-- Task requirements --
Your answer should be the exact lines of the data below from the one containing "Funda de Cuero" through the one containing "やわらかい日差しにも春が感じ"; please include nothing else.

= = =

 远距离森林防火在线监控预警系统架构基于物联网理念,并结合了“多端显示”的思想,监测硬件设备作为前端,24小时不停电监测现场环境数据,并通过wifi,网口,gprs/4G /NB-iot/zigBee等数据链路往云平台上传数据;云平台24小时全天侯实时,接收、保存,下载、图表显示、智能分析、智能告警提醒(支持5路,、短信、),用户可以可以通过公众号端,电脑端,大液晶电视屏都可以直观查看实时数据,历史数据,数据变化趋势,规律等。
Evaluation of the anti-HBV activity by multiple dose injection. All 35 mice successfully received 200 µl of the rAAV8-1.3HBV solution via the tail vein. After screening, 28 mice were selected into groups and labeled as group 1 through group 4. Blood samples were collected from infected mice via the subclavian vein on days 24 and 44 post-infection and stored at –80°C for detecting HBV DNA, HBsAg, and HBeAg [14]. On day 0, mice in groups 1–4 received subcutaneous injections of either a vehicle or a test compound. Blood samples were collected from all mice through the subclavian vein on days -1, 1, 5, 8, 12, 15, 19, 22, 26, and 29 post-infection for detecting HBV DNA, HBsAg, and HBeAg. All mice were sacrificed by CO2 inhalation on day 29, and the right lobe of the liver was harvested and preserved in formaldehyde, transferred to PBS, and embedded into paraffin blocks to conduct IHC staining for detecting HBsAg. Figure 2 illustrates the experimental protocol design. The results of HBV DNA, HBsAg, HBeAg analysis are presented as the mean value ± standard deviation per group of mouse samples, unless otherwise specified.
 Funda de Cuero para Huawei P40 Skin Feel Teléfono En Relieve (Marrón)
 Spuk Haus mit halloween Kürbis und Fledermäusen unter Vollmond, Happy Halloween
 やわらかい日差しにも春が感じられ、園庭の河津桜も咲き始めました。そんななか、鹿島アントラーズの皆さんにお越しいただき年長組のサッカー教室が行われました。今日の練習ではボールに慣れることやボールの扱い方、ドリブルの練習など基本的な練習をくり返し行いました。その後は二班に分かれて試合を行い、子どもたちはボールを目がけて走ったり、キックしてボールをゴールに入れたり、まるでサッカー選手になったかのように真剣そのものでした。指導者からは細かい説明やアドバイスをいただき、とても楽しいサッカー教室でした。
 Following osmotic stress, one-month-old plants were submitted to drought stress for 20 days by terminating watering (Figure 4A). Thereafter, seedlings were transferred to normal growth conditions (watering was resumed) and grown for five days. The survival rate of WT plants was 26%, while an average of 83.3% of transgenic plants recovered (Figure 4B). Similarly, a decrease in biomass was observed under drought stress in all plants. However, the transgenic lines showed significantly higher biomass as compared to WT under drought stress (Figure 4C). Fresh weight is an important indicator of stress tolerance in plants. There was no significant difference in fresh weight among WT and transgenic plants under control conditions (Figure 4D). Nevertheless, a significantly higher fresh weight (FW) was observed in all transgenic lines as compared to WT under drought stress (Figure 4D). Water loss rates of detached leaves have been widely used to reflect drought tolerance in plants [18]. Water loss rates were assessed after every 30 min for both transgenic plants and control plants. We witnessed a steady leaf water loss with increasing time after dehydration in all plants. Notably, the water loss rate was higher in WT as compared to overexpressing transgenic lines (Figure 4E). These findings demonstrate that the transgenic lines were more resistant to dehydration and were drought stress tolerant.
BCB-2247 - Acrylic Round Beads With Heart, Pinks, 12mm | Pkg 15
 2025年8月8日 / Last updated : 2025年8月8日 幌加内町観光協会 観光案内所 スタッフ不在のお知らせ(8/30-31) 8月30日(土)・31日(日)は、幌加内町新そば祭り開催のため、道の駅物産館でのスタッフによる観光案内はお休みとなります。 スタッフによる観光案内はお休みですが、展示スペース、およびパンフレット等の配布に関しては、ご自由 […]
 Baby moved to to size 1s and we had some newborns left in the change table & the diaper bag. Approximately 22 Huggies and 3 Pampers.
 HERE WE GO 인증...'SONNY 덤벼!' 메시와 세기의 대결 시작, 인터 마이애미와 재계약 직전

= = =

-- Result below --
 Funda de Cuero para Huawei P40 Skin Feel Teléfono En Relieve (Marrón)
 Spuk Haus mit halloween Kürbis und Fledermäusen unter Vollmond, Happy Halloween
 やわらかい日差しにも春が感じられ、園庭の河津桜も咲き始めました。そんななか、鹿島アントラーズの皆さんにお越しいただき年長組のサッカー教室が行われました。今日の練習ではボールに慣れることやボールの扱い方、ドリブルの練習など基本的な練習をくり返し行いました。その後は二班に分かれて試合を行い、子どもたちはボールを目がけて走ったり、キックしてボールをゴールに入れたり、まるでサッカー選手になったかのように真剣そのものでした。指導者からは細かい説明やアドバイスをいただき、とても楽しいサッカー教室でした。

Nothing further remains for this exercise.